Trails and Tribulations
By Gloria Glasser


After 17 years of hiking in the same area, one could presume to have seen everything. No surprises. Just same old, same old.

Not quite so, we discovered recently while descending a section of the Backbone Trail accessed from (upper) Latigo Canyon Road that provides access to Castro Peak Motorway.

Although the powers that be deem many a narrow, undulating single track trail such as this one as multi-use, lucky is the person merely on foot who doesn’t encounter other users on conveyances with wheels and/or hooves.

Passage can get a wee bit tight if not scary.

While resting atop a small knoll beside the trail, we became aware of an unrecognizable racket fast intruding upon our quiet aerie.

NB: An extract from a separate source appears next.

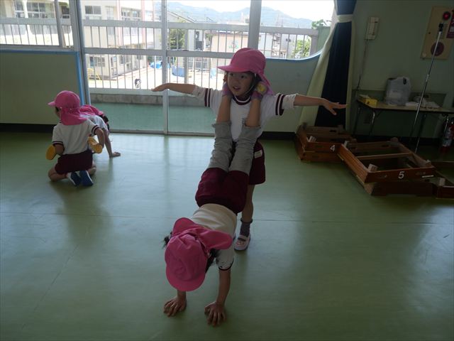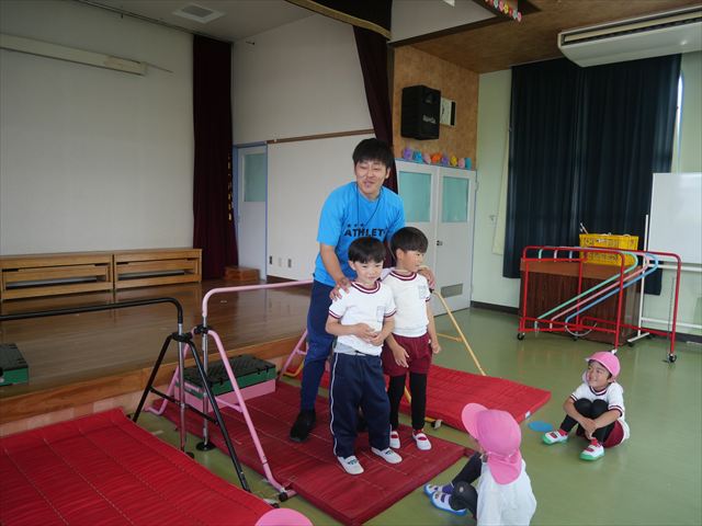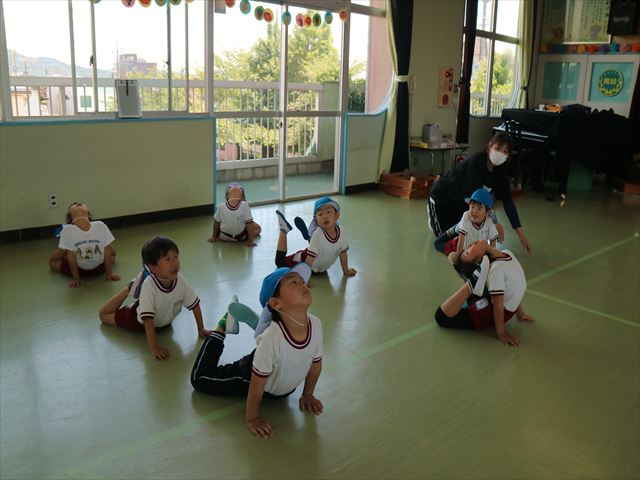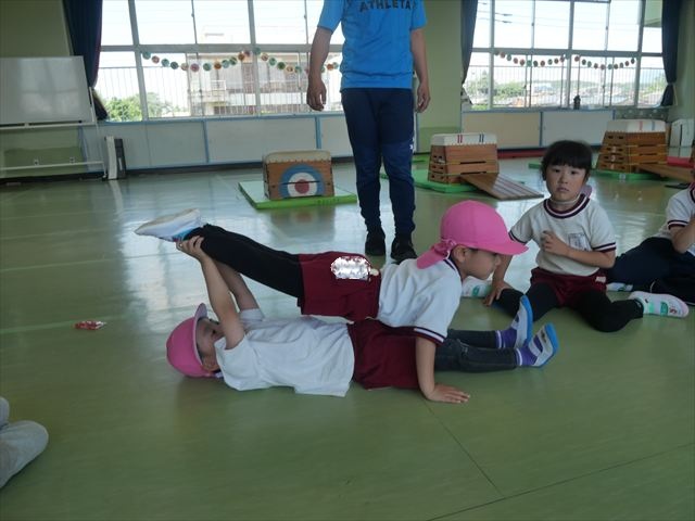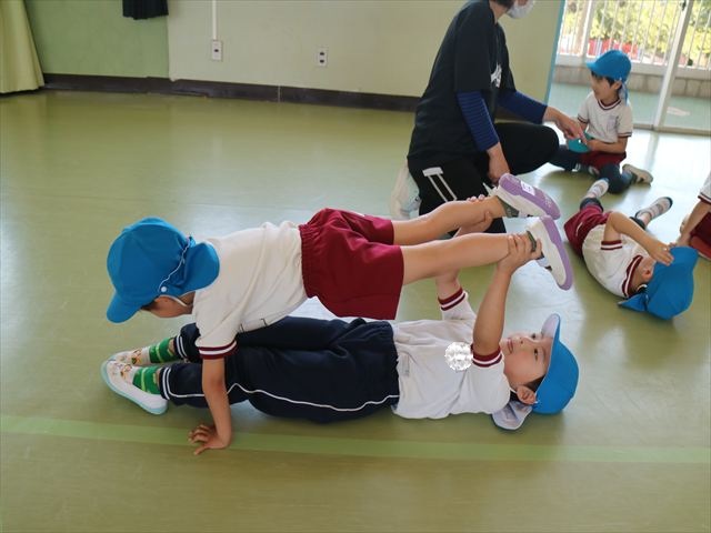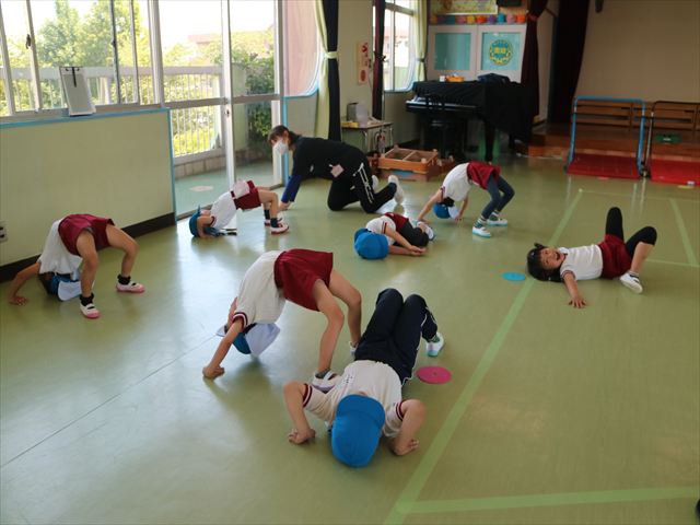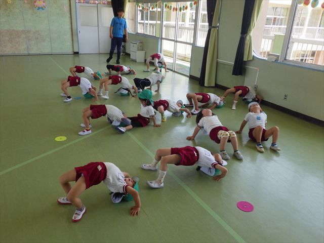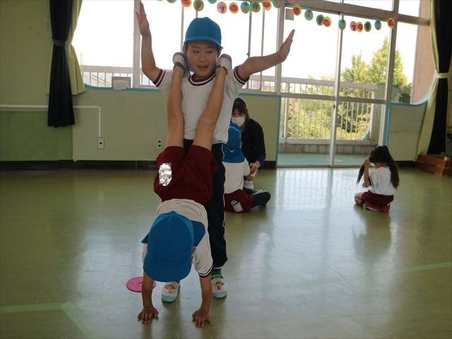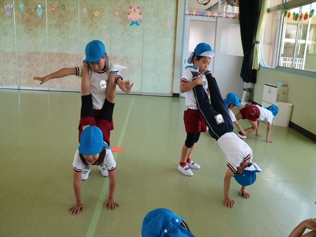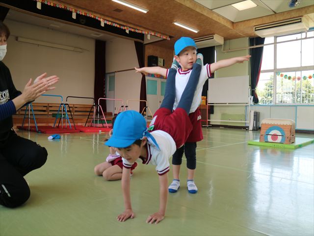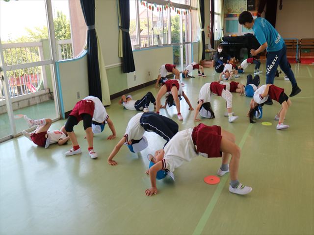 運動教室では、跳び箱、鉄棒、更に組体操に向けて2人組で行う技を3つ教えてもらいました!1つ目は「やま」2つ目は「2段ベッド」3つ目は「ひこうき」どれも難しくたくさん練習が必要です。運動会に向けてたくさん練習していきたいと思います!

It was a combination of what sounded like brush-crunching footsteps and metallic clanging, banging, thudding, skidding, labored breathing, gasping and some mild cussing. It was dusk and not that easy to see.

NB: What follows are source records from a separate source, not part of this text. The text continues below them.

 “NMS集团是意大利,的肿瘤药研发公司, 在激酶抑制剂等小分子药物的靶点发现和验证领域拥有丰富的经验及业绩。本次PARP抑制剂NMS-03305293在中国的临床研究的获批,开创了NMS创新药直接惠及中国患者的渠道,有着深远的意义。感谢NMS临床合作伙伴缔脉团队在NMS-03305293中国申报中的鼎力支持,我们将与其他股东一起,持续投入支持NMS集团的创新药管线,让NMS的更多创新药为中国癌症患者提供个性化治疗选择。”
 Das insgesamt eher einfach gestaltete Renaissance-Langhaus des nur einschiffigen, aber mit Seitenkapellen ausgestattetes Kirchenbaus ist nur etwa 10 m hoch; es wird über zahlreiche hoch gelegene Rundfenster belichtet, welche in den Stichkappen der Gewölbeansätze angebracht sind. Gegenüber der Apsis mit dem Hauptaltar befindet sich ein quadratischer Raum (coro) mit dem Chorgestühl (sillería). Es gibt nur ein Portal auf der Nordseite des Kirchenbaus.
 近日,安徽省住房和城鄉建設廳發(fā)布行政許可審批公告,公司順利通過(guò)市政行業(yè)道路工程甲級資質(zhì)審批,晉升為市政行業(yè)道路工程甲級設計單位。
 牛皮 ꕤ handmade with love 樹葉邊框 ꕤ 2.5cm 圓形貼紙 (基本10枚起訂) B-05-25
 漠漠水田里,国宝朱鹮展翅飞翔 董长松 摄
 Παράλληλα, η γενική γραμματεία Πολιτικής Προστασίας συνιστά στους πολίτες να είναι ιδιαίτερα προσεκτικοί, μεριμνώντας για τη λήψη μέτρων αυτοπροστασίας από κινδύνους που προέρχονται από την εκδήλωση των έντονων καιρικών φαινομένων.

I’m still not sure I believe what I saw. A very slight fellow appeared, breathlessly trotting beside a large, shiny motorcycle that quite dwarfed him.

This was no dirt bike, but an honest-to-gosh full-sized, handsomely equipped, gleamingly polished hunk of two-wheeled horsepower.

The trail spiraled downhill in a wicked stretch of sinuous bumpy curves before entering a forested section with exposed roots and a creek crossing, then twistingly climbed back to the trailhead’s parking lot.

It was challenging enough on foot.

Before I could say a word, the fellow said, "Great dog!" to my canine companion and propelled past us, pushing his motorcycle. Where the heck was a park service ranger when you really needed one?

The dog, who has an unfortunate motorcycle fixation, tried mightily to follow the mysterious stranger. If I were of a religious nature, I would have begun praying for anyone unfortunate enough to be coming up the trail at the same time that gravity was sucking motorcycle man down the trail.

Needless to say, we gave him a very long lead time before we risked our necks and followed him down the trail.

Who knows? A caravan of clog-dancing elephants could have been next.

Another time, we were walking in back of Trancas Canyon along an unpaved Edison Road that’s overgrown by wild mustard and other vigorous weeds until a once yearly cleanup by the utility company.

Rugged and isolated, part of the canyon is parkland, not open to the public yet due to access problems, and part is private, which we were on because we lived there at the time as tenants on the property. There’s no access except for a locked gate, the combination known only to the property owner and the tenants. Except for the occasional trespassing bicyclist who’d read erroneous information in a guidebook, not another soul was ever encountered on that road.

It was a hot quiet morning and we were picking our way through the road’s unkempt vegetation when a distinguished looking older gentleman emerged from the end of the road—a no man’s land of steep canyon walls and impenetrable chaparral—wheeling a luggage carrier neatly loaded with an expensive set of bags.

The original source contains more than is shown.